I will show that typical tasks are highly redundant functions of their
inputs. Many perception tasks, from visual recognition, semantic
segmentation, optical flow, depth estimation, to vocalization
discrimination, can be predicted extremely well regardless of whether
data is projected in the principal subspace where it varies the most,
some intermediate subspace with moderate variability---or the bottom
subspace where data varies the least.
Nati Srebro: Weak to Strong Generalization in Random Feature Models
Weak-to-Strong Generalization (Burns et al., 2023) is the phenomenon whereby a strong student, say GPT-4, learns a task from a weak teacher, say GPT-2, and ends up significantly outperforming the teacher. We show that this phenomenon does not require a strong and complex learner like GPT-4, nor pre-training. We consider students and teachers that are random feature models, described by two-layer networks with a random and fixed bottom layer and trained top layer. A ‘weak’ teacher, with a small number of units (i.e. random features), is trained on the population, and a ‘strong’ student, with a much larger number of units (i.e. random features), is trained only on labels generated by the weak teacher. We demonstrate, prove and understand, how the student can outperform the teacher, even though trained only on data labeled by the teacher, with no pretraining or other knowledge or data advantage over the teacher. We explain how such weak-to-strong generalization is enabled by early stopping. Importantly, we also show the quantitative limits of weak-to-strong generalization in this model.

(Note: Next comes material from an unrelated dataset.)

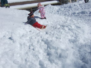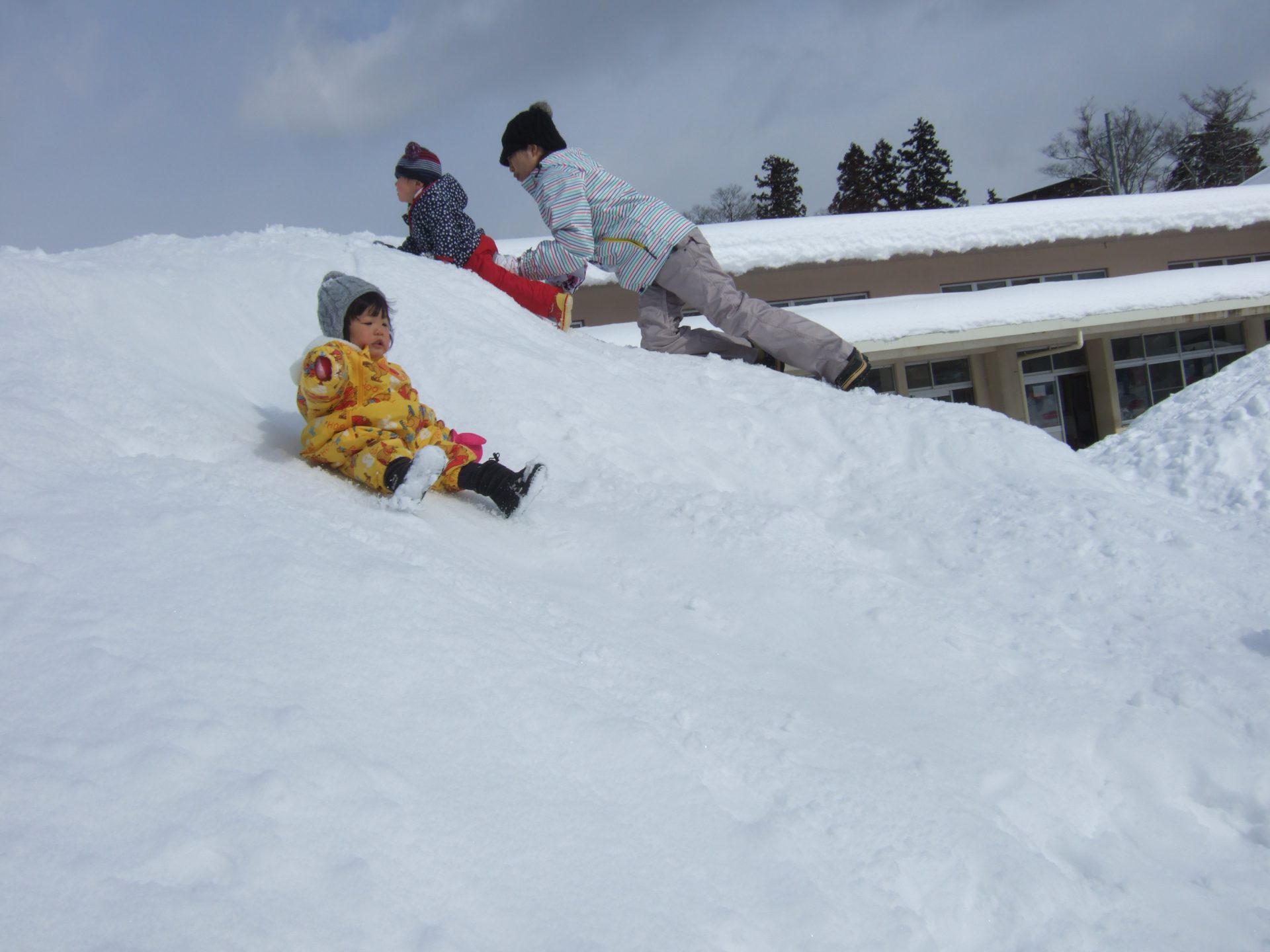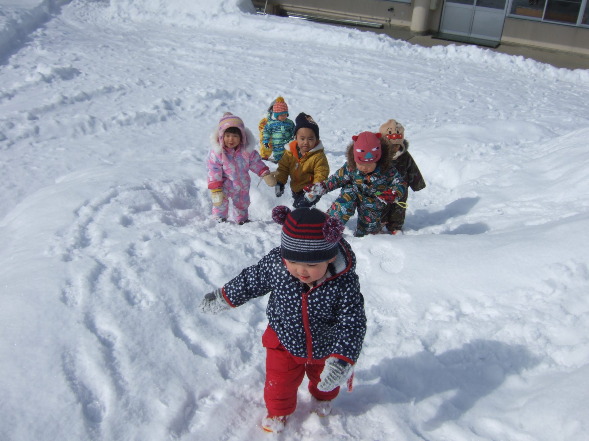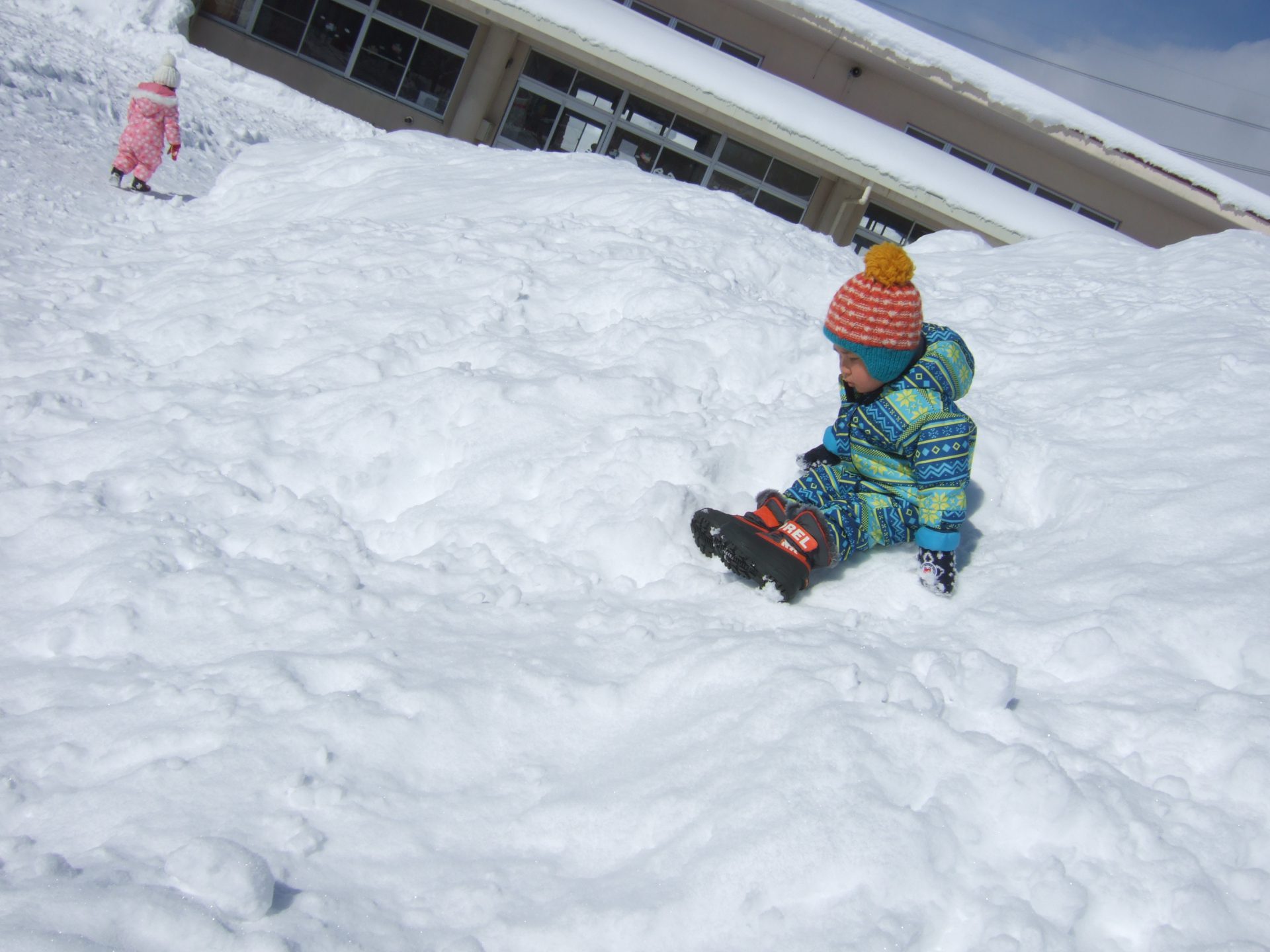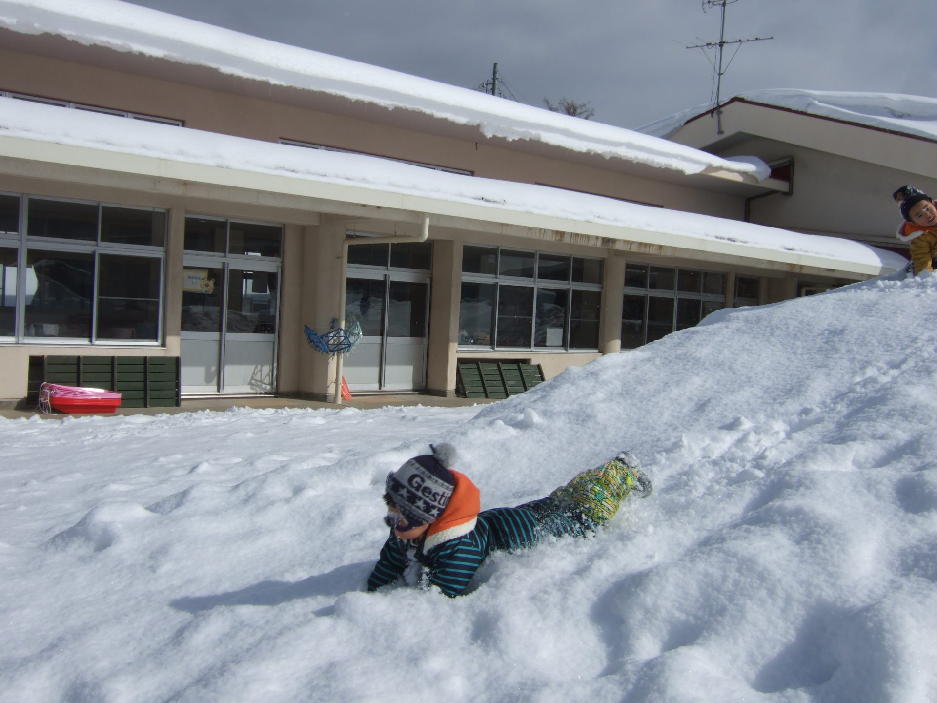 雪山に登るときは、保育士に支えられながら登っていた子ども達。雪遊びを楽しんでいくうちに、ちょっと難しいけど「自分で登りたい!」という気持ちが強くなりました。何度も経験する中で体の使い方がわかり最近では一人でも登れるようになりました。一人で登りきった時の笑顔、なんともいえない良い表情です!

Joint work with Marko Medvedev, Kaifeng Lyu, Dingli Yu, Sanjeev Arora and Zhiyuan Li.
Zhimei Ren: ACS: An interactive framework for machine-assisted selection with model-free guarantees
In this talk, I will introduce adaptive conformal selection (ACS), an interactive framework for model-free selection with guaranteed error control. Building on conformal selection (Jin and Candès, 2023b), ACS generalizes the approach to support human-in-the-loop adaptive data analysis. Under the ACS framework, we can partially reuse the data to boost the selection power, make decisions on the fly while exploring the data, and incorporate new information or preferences as they arise. The key to ACS is a carefully designed principle that controls the information available for decision making, allowing the data analyst to explore the data adaptively while maintaining rigorous control of the false discovery rate (FDR). Based on the ACS framework, we provide concrete selection algorithms for various goals, including model update/selection, diversified selection, and incorporating newly available labeled data. The effectiveness of ACS is demonstrated through extensive numerical simulations and real-data applications in large language model (LLM) deployment and drug discovery.
  
Eva Tardos: Learning in Strategic Queuing
  Over the last two decades we have developed good understanding how to quantify the impact of strategic user behavior on outcomes in many games (including traffic routing and online auctions) and showed that the resulting bounds extend to repeated games assuming players use a form of learning (no-regret learning) to adapt to the environment. However, these results assume that there is no carry-over effects between rounds: outcomes in one round have no effect on the game in the future. Many repeated games have an evolving state resulting in direct carry-over effect, such as repeated auctions with budgets, as well as queuing systems. In this talk we will study this phenomenon in the context of a game modeling queuing systems: routers compete for servers, where packets that do not get served need to be resent, resulting in a system where the number of packets at each round depends on the success of the routers in the previous rounds. We study the required excess server capacity needed to guarantee that all packets get served in two different queuing systems (with or without buffers) despite the selfish (myopic) behavior of the participants.